**TO DO:**
Transcribe the listing word for word, beginning at its first line and ending at the line containing "Image: The Zebronics"; omit the pictures.

**GIVEN RECORDS:**
-=-=-

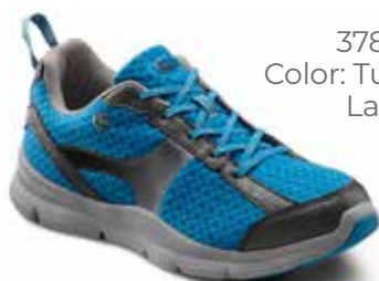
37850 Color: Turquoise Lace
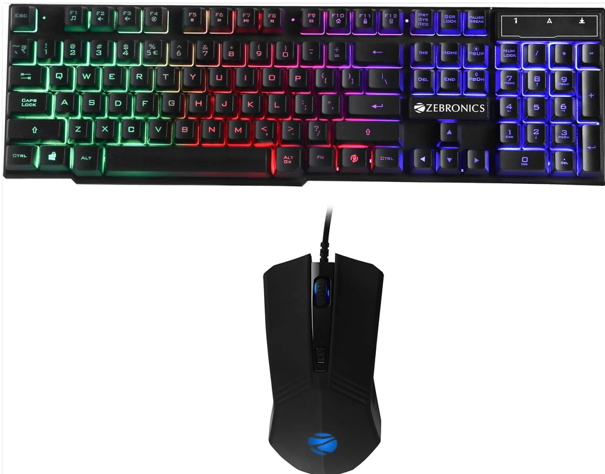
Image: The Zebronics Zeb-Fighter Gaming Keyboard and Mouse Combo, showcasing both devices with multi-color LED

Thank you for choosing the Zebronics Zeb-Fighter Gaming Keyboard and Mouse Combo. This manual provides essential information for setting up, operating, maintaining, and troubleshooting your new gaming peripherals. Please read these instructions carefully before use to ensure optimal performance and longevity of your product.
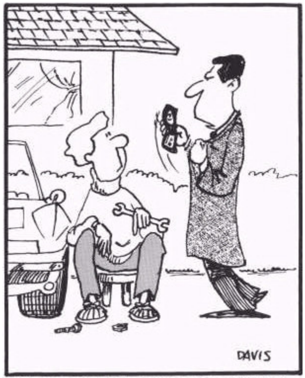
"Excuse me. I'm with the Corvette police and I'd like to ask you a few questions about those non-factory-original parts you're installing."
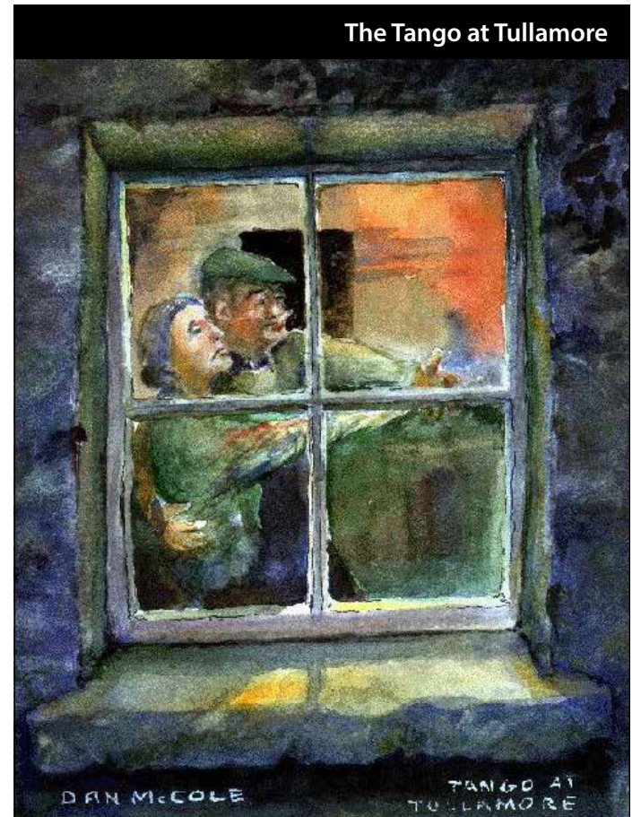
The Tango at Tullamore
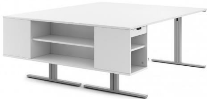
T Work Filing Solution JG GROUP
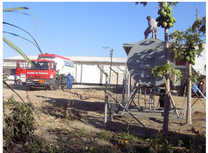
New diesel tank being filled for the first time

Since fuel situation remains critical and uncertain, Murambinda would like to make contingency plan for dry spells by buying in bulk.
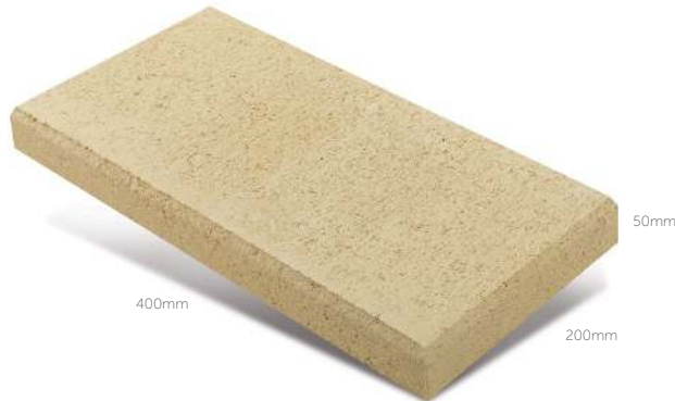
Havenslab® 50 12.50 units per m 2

-=-=-

**SOLUTION BELOW:**
37850 Color: Turquoise Lace
Image: The Zebronics Zeb-Fighter Gaming Keyboard and Mouse Combo, showcasing both devices with multi-color LED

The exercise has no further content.